[Action item]: Output range, inclusive: from the line containing "Если нет желания" to the line containing "Some people swear". Restate those lines from the data below word for word and only those.

[Input]:
◆ ◆ ◆ ◆

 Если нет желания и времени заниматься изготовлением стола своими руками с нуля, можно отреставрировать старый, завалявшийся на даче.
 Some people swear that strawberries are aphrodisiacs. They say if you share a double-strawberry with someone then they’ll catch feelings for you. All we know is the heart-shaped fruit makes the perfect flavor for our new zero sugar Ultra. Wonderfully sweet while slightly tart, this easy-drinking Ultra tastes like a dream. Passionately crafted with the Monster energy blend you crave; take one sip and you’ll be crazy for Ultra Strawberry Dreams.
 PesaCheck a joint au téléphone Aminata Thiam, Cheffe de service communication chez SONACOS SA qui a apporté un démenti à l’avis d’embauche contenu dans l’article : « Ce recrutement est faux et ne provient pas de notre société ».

◆ ◆ ◆ ◆

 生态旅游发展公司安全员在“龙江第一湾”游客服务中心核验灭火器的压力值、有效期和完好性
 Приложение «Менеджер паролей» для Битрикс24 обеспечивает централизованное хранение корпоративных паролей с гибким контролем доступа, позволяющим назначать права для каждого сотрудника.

◆ ◆ ◆ ◆

[Answer section]:
 Если нет желания и времени заниматься изготовлением стола своими руками с нуля, можно отреставрировать старый, завалявшийся на даче.
 Some people swear that strawberries are aphrodisiacs. They say if you share a double-strawberry with someone then they’ll catch feelings for you. All we know is the heart-shaped fruit makes the perfect flavor for our new zero sugar Ultra. Wonderfully sweet while slightly tart, this easy-drinking Ultra tastes like a dream. Passionately crafted with the Monster energy blend you crave; take one sip and you’ll be crazy for Ultra Strawberry Dreams.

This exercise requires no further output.